I am sitting at my favorite neighborhood cafe, Cafe Bazaar. Its a cafe filled with people of strikingly different appearances but mostly its filled with men of a certain age hunched over their archaic computers or squinting their eyes towards MacBooks.

I love it here, away from the lingering eyes of the 20-somethings. Away from the calculating glare of the 30-crowd. I feel much more relaxed here in my day old makeup and lint-covered yoga pants. Sipping coffee, too caught up in the people watching gold mine I have walked into.

I came to read a heartbreaking memoir about depression. Its sitting next to me as I watch an old man who is glaring very seriously at a computer screen. As I ease drop on the pair of folks sitting right in front of me, I laugh at myself.

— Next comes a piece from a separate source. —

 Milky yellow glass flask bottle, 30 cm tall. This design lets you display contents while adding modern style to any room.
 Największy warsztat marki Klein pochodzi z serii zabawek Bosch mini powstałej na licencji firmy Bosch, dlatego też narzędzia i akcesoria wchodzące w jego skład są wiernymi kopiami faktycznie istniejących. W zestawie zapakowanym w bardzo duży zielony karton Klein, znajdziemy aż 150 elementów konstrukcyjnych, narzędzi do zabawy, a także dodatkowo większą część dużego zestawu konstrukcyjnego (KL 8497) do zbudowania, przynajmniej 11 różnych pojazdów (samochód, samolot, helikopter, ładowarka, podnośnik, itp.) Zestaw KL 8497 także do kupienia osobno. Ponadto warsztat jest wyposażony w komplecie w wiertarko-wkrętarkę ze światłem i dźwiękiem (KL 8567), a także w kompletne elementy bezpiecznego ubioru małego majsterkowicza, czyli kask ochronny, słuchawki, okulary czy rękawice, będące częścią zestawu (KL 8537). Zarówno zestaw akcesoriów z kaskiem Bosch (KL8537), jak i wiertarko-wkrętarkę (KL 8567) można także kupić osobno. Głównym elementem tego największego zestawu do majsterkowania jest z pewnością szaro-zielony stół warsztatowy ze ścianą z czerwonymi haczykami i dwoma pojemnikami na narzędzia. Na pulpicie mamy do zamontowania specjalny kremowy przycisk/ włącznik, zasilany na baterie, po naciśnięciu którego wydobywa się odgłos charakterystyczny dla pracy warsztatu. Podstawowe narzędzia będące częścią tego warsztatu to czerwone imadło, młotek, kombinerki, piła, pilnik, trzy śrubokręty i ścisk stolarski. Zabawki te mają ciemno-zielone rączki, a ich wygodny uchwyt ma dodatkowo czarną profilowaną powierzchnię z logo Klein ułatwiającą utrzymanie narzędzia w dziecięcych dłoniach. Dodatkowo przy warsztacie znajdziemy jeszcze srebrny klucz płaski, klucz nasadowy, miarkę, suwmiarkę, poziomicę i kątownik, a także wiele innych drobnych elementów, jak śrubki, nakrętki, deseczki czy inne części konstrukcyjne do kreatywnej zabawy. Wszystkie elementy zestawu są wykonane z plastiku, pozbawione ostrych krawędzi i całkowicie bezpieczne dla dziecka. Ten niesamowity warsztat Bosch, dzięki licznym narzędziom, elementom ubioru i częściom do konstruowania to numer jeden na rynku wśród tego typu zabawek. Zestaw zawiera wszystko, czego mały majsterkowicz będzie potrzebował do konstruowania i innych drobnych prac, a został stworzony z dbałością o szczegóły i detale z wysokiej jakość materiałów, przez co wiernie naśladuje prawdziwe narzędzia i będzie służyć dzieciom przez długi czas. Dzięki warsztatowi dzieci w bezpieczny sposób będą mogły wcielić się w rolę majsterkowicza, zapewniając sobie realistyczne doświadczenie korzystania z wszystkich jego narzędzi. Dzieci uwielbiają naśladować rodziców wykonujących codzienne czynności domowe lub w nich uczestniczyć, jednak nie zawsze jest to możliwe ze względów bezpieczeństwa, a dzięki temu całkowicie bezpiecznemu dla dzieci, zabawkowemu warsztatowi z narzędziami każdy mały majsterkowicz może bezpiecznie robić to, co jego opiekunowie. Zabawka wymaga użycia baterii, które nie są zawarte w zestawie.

The man, dressed in what I like to call a jean-suit (jean pants, button up jean shirt, and even a jean jacket to match), sits quietly waiting for his coffee-companion to arrive. I like when people dress like this- it tells me something about them. For the record, if I ever catch you wearing jean on jean on jean, expect to be psychoanalyzed.

The women comes in frazzled. Her louis vuitton swinging at her hip. She is dressed impeccably in a white pencil skirt and red patent heels. The annoyance they felt towards one another was too apparent, I am sure the whole building can feel it. I nestle in for a good show.

They begin to talk and its clear that they are colleges, teachers of some sort. She begins by addressing the need for more home schooling- how it is the only way children can get a proper education now-a-days. He is firmly against this move. He argues that the more teachers a child can be exposed to, the more views and ways of thinking the child use as he or she navigates the world.

It is clear to me that I sat in this particular spot on this particular morning for a reason. Not only to take an adorable photo of the man next to me, but also to learn something about our evolving school system.

I am forever a student. The reason why I have an insatiable appetite for knowledge is because many teachers had an influence on how I think, how I question things. I took a piece from each, I let go of what didn’t resonate with me, and I cultivated my own way of being in the world. I am not saying that home school is inherently bad. But I do agree that the more people and environments we explore and expose ourselves to, the more we become connected to ourselves, making meaning out of our experience.

Not all children do this in the same way, however. Which is where our public school systems may be failing. It is my hope that we can further our development for different learning styles and better understand the evolving personalities of our world.